3. Main Disadvantages of Using MCA:

• Flame Retardant Efficiency Limited by Substrate and Processing Conditions: MCA's gas phase flame retardancy relies on rapid release of non-combustible gases at high temperatures. However, in components with large wall thickness or insufficient shear heat, gas diffusion is hindered, easily leading to a "core burn-through" phenomenon, making it difficult to pass the UL 94 5VA rating. Meanwhile, the melt-dripping effect can become a secondary ignition source in scenarios requiring Glow-Wire Ignition Temperature (GWIT) ≥ 775°C, necessitating additional anti-drip additives.

• Sensitivity to Reinforced Systems, Significant Glass Fiber "Candlewick Effect": When glass fiber content > 15%, MCA addition needs to be increased by 3–5 percentage points to maintain V-0, and the improvement in oxygen index drops sharply. Significant differences in flame retardancy between fiber-oriented layers and resin-rich areas can lead to "streak burn-through" defects, limiting its use in high-load structural parts.

• Narrow Processing Window, Metal Impurities Easily Catalyze Decomposition: MCA undergoes significant sublimation above 330°C, leading to die buildup and severe "white smoke" at vents. Residual transition metal ions like Fe³⁺ and Cu²⁺ in raw materials can catalyze premature decomposition, causing melt viscosity to drop by over 20%. This results in flash, silver streaks during injection molding, and flame retardant loss can reach 5–7% after 8 hours of continuous production, requiring shutdown for cleaning.

• Surface Migration and Blooming Issues: The hydrogen bonding between MCA and nylon is weak. Under long-term damp heat (85°C/85% RH) or alcohol wiping conditions, the product surface is prone to "blooming" or precipitation of MCA. This leads to decreased contact resistance and poor adhesion for printing/coating, failing to meet requirements like insulation resistance ≥ 100 MΩ after 500 hours of 85/85 testing for electronic connectors.

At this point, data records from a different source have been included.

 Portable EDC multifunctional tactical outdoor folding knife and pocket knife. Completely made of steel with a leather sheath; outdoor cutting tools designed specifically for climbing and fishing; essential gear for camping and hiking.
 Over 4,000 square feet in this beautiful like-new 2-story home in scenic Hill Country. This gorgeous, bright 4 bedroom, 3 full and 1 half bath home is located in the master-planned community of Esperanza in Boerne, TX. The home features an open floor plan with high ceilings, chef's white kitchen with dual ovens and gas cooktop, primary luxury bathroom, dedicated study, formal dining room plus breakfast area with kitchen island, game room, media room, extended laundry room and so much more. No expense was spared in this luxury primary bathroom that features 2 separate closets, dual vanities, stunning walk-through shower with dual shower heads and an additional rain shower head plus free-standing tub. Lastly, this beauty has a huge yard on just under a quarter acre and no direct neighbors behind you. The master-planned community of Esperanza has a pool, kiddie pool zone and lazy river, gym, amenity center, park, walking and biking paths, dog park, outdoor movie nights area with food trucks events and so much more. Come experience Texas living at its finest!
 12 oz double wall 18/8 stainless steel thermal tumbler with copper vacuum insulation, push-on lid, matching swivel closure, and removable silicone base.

• Smoke Suppression Advantage Not Absolute. Smoke Toxicity Rebounds at High Additions: When MCA addition is ≥ 12%, although the maximum specific optical density of smoke (Ds,max) is still lower than halogenated systems, the release of toxic gases like CO and cyanide (CN⁻) compounds increases multiple times. The conversion rate of nitrogen elements can be as high as 6%, posing a potential threat during fire escape. Assessment requires cone calorimetry and NBS smoke chamber tests combined, not just relying on UL 94 rating.

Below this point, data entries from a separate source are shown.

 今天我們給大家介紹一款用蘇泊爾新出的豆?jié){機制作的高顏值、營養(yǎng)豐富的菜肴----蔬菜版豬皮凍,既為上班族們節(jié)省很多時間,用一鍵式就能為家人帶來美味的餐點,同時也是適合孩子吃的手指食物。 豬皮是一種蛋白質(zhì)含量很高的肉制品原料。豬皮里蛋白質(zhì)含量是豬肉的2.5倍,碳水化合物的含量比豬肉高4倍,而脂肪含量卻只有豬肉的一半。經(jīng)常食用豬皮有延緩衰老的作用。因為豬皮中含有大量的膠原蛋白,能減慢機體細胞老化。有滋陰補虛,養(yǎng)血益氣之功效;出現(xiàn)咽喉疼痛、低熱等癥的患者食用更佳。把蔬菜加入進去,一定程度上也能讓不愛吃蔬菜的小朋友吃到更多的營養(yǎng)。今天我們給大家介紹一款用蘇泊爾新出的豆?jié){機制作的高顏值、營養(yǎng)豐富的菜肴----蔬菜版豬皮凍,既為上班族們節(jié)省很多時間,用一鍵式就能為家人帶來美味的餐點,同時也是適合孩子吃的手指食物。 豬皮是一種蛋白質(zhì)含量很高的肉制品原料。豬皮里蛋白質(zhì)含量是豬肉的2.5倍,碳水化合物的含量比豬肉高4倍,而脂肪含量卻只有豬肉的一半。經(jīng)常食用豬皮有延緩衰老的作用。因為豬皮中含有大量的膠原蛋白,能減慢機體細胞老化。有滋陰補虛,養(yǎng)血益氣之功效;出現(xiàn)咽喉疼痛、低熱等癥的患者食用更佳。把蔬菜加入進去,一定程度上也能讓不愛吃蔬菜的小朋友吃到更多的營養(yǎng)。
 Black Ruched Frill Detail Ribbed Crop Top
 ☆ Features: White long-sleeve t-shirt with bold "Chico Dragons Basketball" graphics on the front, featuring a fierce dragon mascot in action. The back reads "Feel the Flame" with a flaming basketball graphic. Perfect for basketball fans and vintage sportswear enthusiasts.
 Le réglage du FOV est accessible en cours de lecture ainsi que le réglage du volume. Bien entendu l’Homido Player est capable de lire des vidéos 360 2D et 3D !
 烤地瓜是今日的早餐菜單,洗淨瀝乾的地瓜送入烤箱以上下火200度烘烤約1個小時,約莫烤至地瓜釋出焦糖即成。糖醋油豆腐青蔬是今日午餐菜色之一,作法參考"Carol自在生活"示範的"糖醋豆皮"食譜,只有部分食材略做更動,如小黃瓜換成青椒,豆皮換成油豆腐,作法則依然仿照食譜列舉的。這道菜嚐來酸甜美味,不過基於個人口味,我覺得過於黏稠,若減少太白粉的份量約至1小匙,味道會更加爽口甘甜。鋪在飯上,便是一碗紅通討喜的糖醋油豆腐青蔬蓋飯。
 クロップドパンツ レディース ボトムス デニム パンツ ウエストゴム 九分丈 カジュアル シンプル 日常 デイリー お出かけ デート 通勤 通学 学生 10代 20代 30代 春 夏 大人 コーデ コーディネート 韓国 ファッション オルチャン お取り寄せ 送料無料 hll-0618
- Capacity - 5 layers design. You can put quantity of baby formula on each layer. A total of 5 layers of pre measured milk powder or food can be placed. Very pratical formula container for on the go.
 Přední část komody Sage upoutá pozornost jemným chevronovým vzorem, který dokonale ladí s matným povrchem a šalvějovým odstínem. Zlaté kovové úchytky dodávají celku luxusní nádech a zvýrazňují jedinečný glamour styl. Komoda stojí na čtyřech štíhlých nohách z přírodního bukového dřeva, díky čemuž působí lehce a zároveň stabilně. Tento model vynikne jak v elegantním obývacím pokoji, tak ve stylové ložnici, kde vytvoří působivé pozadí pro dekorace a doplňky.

Therefore, in nylon systems with high glass fiber reinforcement, high GWIT requirements, high damp heat resistance needs, or high appearance demands, MCA often needs to be blended with phosphorus-based, silicon-based, or char-forming synergists to balance flame retardancy, mechanical properties, and long-term reliability.

V. Conclusion and Outlook
MCA, as an efficient and eco-friendly nitrogen-based flame retardant, demonstrates significant effectiveness in flame retarding nylon (especially PA6, PA66) through multiple mechanisms including gas phase dilution, condensed phase charring, and cooling/dripping. Its application is evolving from traditional physical blending towards in-situ polymerization technology, greatly improving flame retardant efficiency and overall material performance.
In practical applications, MCA is often blended with phosphorus-nitrogen flame retardants, which can also quickly impart stable and durable halogen-free flame retardant properties to thin-walled or flexible substrates like cables and leather. The high-dispersion, anti-blooming modified MCA-B launched by Yinsu Flame Retardant Company is specifically designed for such scenarios and has been validated in batch applications for LSZH cable sheathing and artificial leather coating.
In the future, with increasingly stringent environmental regulations and growing demand for high-performance electronic/electrical appliances and automotive components, innovative applications of MCA in nylon—such as developing lower-addition, higher-synergy blended systems and optimizing in-situ polymerization processes—will further expand its market space.
Through scientific selection of addition formulations and processing techniques, MCA can help nylon materials achieve the optimal balance between safety, environmental protection, and performance, providing key material support for sustainable development.